There’s a chill in the air during Cape Town’s rainy winter, but the show must go on, as they say.

Actors move between their silver trailers to grab a cup of coffee or get their makeup touched up during breaks, while prop artists balance ladders against walls to fix lighting and sets.

While we all wait in eager anticipation for the show to hit our screens this month, YOU had a set visit during the filming of the series in July last year.

Following Queen Sono, Netflix’s second original African series, Blood & Water will be released across 190 countries in just a few weeks.

The series is centred on Puleng Khumalo (Ama Qamata), an intelligent but impulsive 16-year-old with a secret to hide. The teenager engineers her transfer to Parkhurst College in a desperate bid to investigate the 17-year-old cold case of her older sister’s abduction at birth. Fikile’s disappearance has cast a shadow over Puleng’s life, and she's determined to solve the case.

The show’s production designer, Christian Joubert, says he wanted to emphasise the contrast between the elite and the middle class.

"The world of Parkhurst is opulent. We wanted to create a world or a school in which the elite or the cream of the crop or the richest of the rich in the country go to school. We wanted to create an ivy league feel for the school," he tells YOU.

"We wanted to show the contrast between that world and our lead character’s world. She comes from more of a middle-class home, the life that more people are used to, and we want to create a wow factor of what it’s like for her to step into that world."

Working with a relatively young cast, Christian says a lot of research went into looking at the things the younger generation is interested in as a way of grabbing that audience and making the show more relatable to them.

"We had to do a lot of research into Generation Z, see what influences them, see how they think, see the standard that they compare or judge themselves by today, including looking at their whole social media life. So we’ll be going into that a lot with transitions and pop-ups on screen and it’s a big part of the design of the series."

Behind-the-scenes look at Netflix’s second African

But creating the setting of a show like this goes beyond just the production. It also involves a lot of makeup and wardrobe. Wardrobe director Marné van der Burgh and head of makeup and hair Evelyn Gambe pulled out all the stops to convey the essence of each character.

"I love incorporating ideas from the actors and their opinion on who and what they think their characters are [when dressing them]," Marné says.

Even when it comes to a series like this that’s set mainly in a school with school uniforms, each character has their own style quirks.

"The school uniforms were made from scratch so we had someone custom-making the skirts, the ties.
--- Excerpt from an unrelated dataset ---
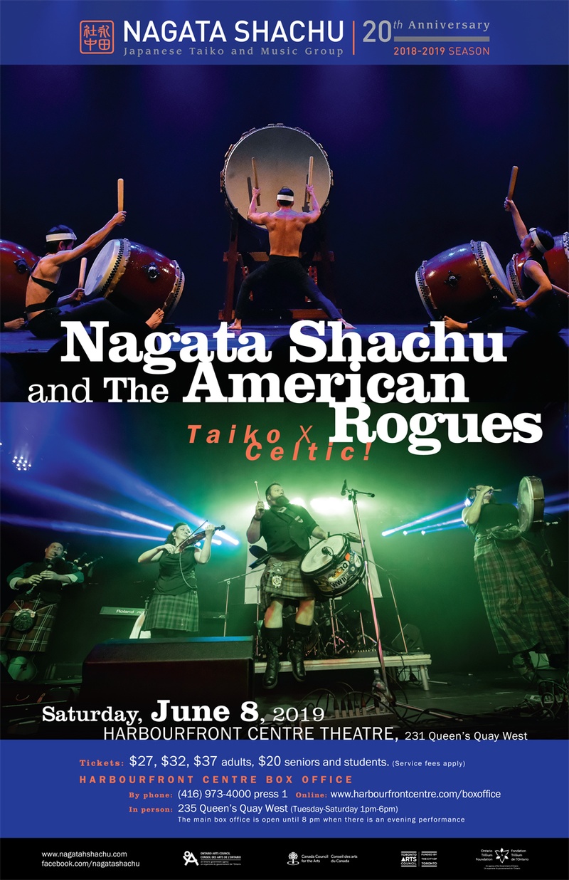 Leader of The American Rogues, Hamilton’s Nelson Stewart states, “The American Rogues are extremely honoured to be performing with Nagata Shachu. I have long been drawn to Japanese culture; I studied Japanese history, the band performed in Japan, and my wife and I, fellow American Rogue Jeania Stewart, studied taiko under Nagata Shachu member Tony Nguyen. I was thrilled when Kiyoshi agreed to our two bands working together. As it turns out, we had both seen each other’s episodes in the ‘Sounds of Canada’ series, and, believing that the same heart beats within the music of both Japanese and Celtic culture – it was a match made in heaven. The American Rogues hope that this will be the first show in a partnership that will continue for many years to come.”

The material had to be picked out and the director has a final say from all the samples," she adds.

The use of maroons and blues across the colour palette in the series plays a significant role in the series, tying in with its name.

Attention to detail is key, such as the crest embroidered on each school blazer worn on the show, which Christian was instrumental in designing.
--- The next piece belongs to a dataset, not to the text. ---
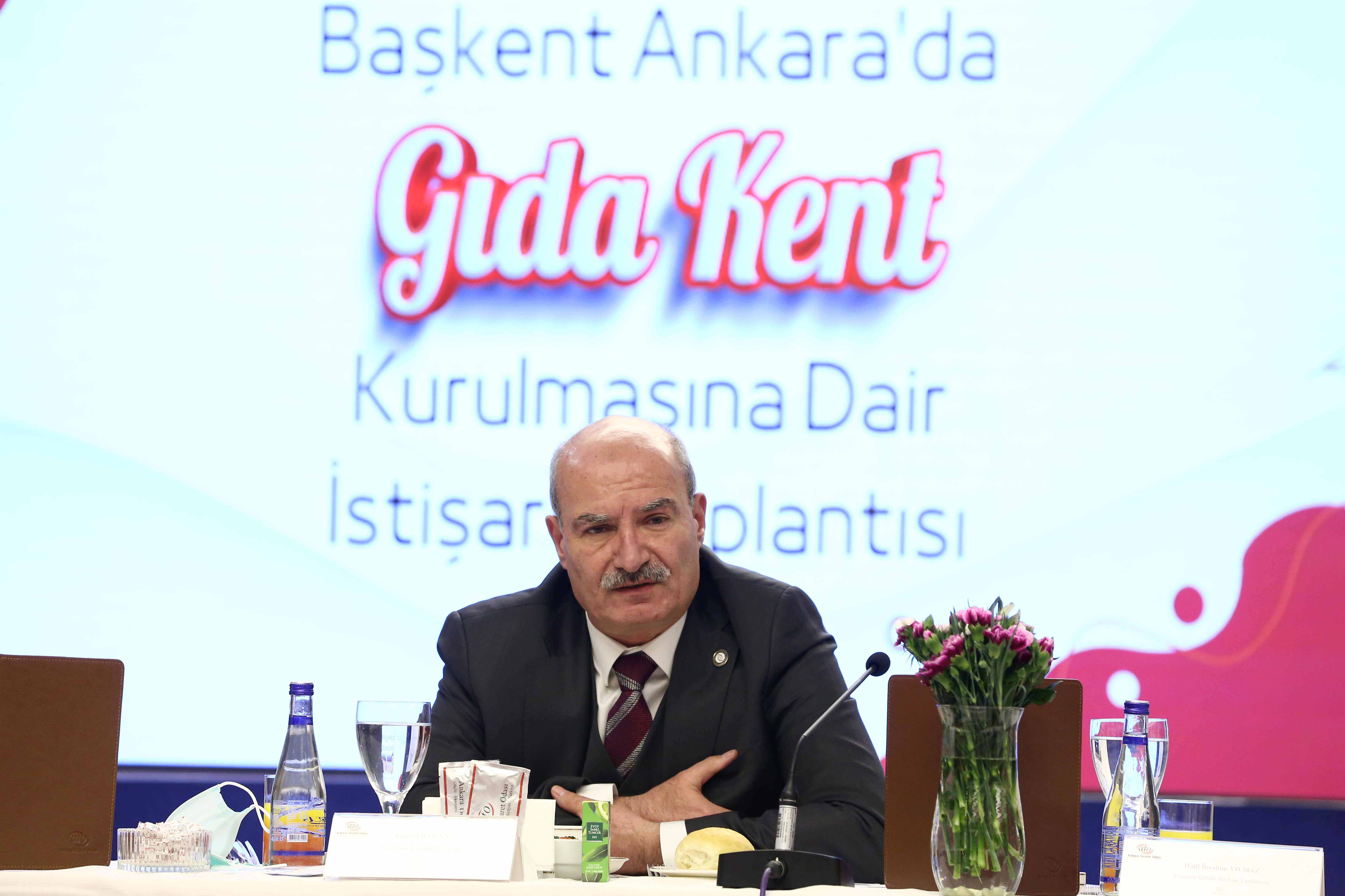 Toplantının açılışında konuşan ATO Başkanı Baran, Ankara Ticaret Odası olarak 2017 yılından bu yana Ankara'da "Gıda Kent" kurulmasına yönelik çalışmalar yaptıklarını anlattı. Çevre ve Şehircilik Bakanı Murat Kurum'un tensipleriyle yapılan toplantılarla hayata geçirilmeye çalışılan projenin Ankara için çok büyük fırsat olduğunu dile getiren Baran, "Hem gıda sektörünü hem de şehrimizi trafik başta olmak üzere birçok açıdan rahatlatacak bir proje. Ankara için bir şans olduğunu düşünüyorum" dedi.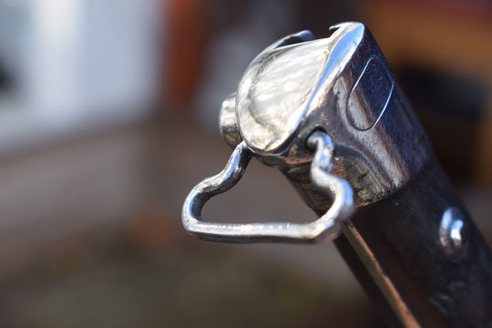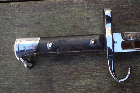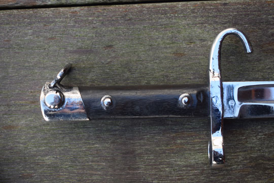 This is a standard M 1895 Mannlicher infantry bayonet converted to a NCO model by adding a lanyard loop and, very well done, a hooked guillon.

"We have about 50 blazers on the floor so 50 crests had to be embroidered and we have more than 200 extras on set today, so you can imagine what went into that," Marné adds.

Behind-the-scenes look at Netflix’s second African

It’s no different when it comes to hair and makeup, which also helps convey the emotions and personalities of the characters, Evelyn says.

"I wanted to find a way to differentiate the teenagers in the school," she explains. "If you understand the world of wigs for example, you’ll know that that means money, so for some characters I use that to bring it across. There’s a difference between two families and I wanted to differentiate that by the way they’re groomed."

It’s been no easy feat getting the five-week production done, from time constraints to finances and schedule clashes, but the team believe this will be the show to watch.

"My hope is that it truly will be a believable world we’ve created. It’s very much fictional for South Africa," Christian says. "I hope people will be caught up in this world and are able to see and feel the opulence we tried to create."

Blood & Water premieres Wednesday, 20 May on Netflix.